Слезы градом текли по лицу Василисы Петровны. Она вынула из рукава платок, но стала вытирать не лицо, а мятые лацканы пиджака, закапанные слезами.
— Вот только камень не знаю, когда привезут, — продолжала она. — Скорей бы, а то портретик на пирамидке вовсе смылся, и буквы смылись, и все… Одна я ее личико разбираю, а другие уже ничего, кроме глаз, не видят. И как я от нее оторвалась… Как я ее… одну-то… кровинушку мою…
— Ладно реветь, — сказал Димитрий Прокофьевич. — Надо было работать в столовке, как работала, и с места не срываться.
— Да у меня в деревне-то, на Волге, еще одна дочка осталась. Такая же упрямица, такая же поперечная, как и эта. Она с этой, покойницей-то, двойчата — вот у них и характер один. И как я ей скажу про сестренку-то, как я к ней подступлюсь…

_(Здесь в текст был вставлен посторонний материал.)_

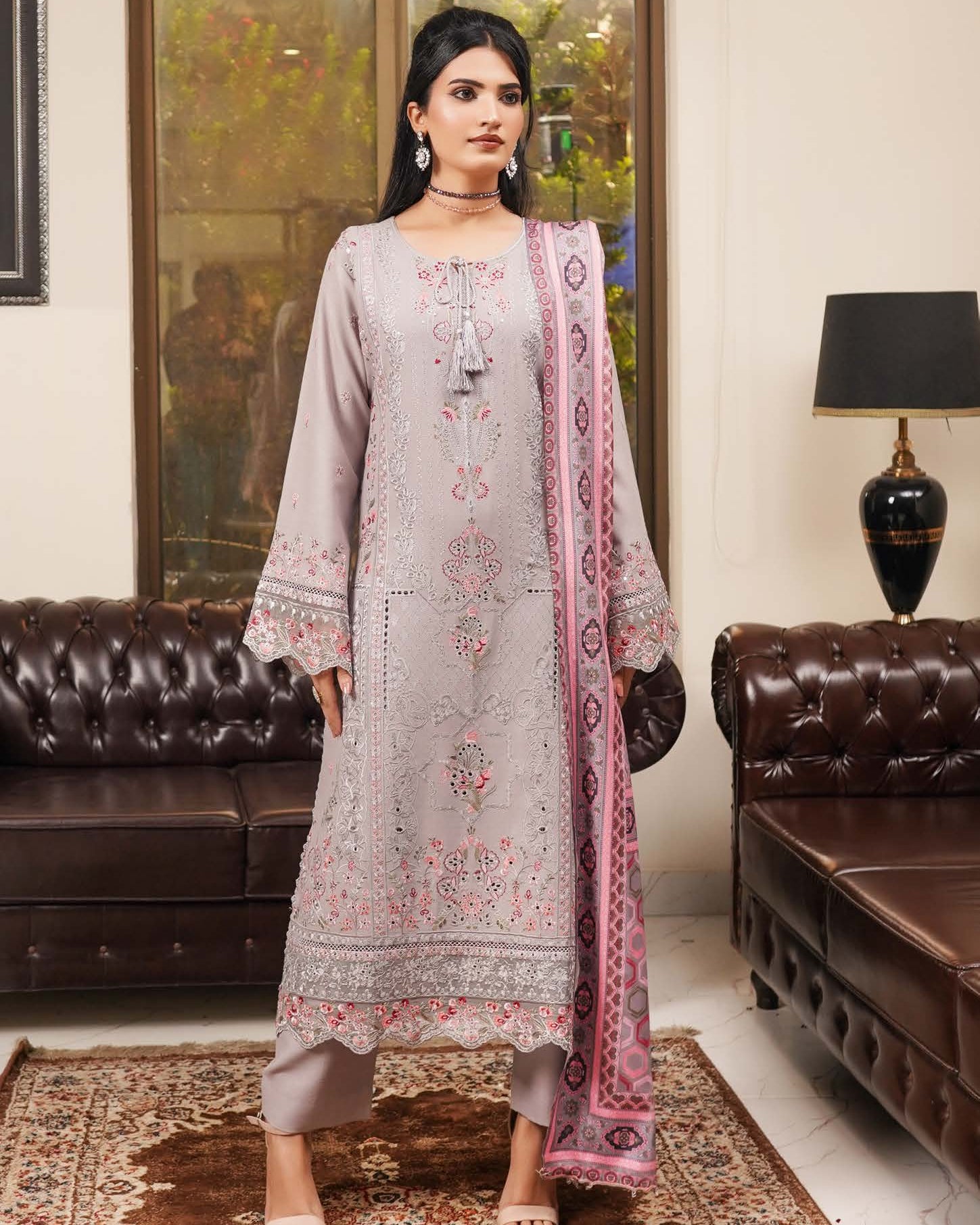 A stunning Dhanak ensemble featuring elegant patch and boring work on the neckline, sleeves, and border for a refined traditional touch. Paired with matching trousers for a cohesive look, while the printed wool shawl adds warmth and a graceful finish — perfect for winter elegance.

— Постой, постой… Что это, домашние у тебя не знают?
— А знали бы, так чего бы я тут полное лето отсиживалась? Боюсь я, Димитрий Прокофьевич… Боюсь домой являться. Старик ладно — старенький старичок, сам ровно дитя, только борода белая, а вот как я перед дочкой предстану? Как мне перед ней оправдаться? А долго не утаишь. Сама не скажу — глаза покажут… Узнает, что любезная сестренка преставилась, — ну страсть! Что будет-то! Любили они друг друга без памяти… Ведь я знаю… Все бросит, а поедет к вам сюда. И именно в наш совхоз приедет, в «Солнечный». Туда приедет, да еще и в пастухи наймется — поперечница. Вот ведь она какая. Одна надежда — может, ее замуж какой-нибудь возьмет. Может, хоть муж сдержит. Да не берет никто. Не глядят на них парни… Еще беда — завелась летошний год у нас в деревне зараза: франтиха из города приехала на колхозную работу, у соседей в избе стоит. Как закрутит на патефоне музыку — ребята, ровно жеребцы, сбегаются со всего колхоза. А в нашей-то избе тихо, приятно, гульбища никакого нет — к нам никто и не идет. Ну ладно… — Она взглянула на большой чемодан с надеждой и со злорадством. — Мы еще поглядим, у кого музыка шибче.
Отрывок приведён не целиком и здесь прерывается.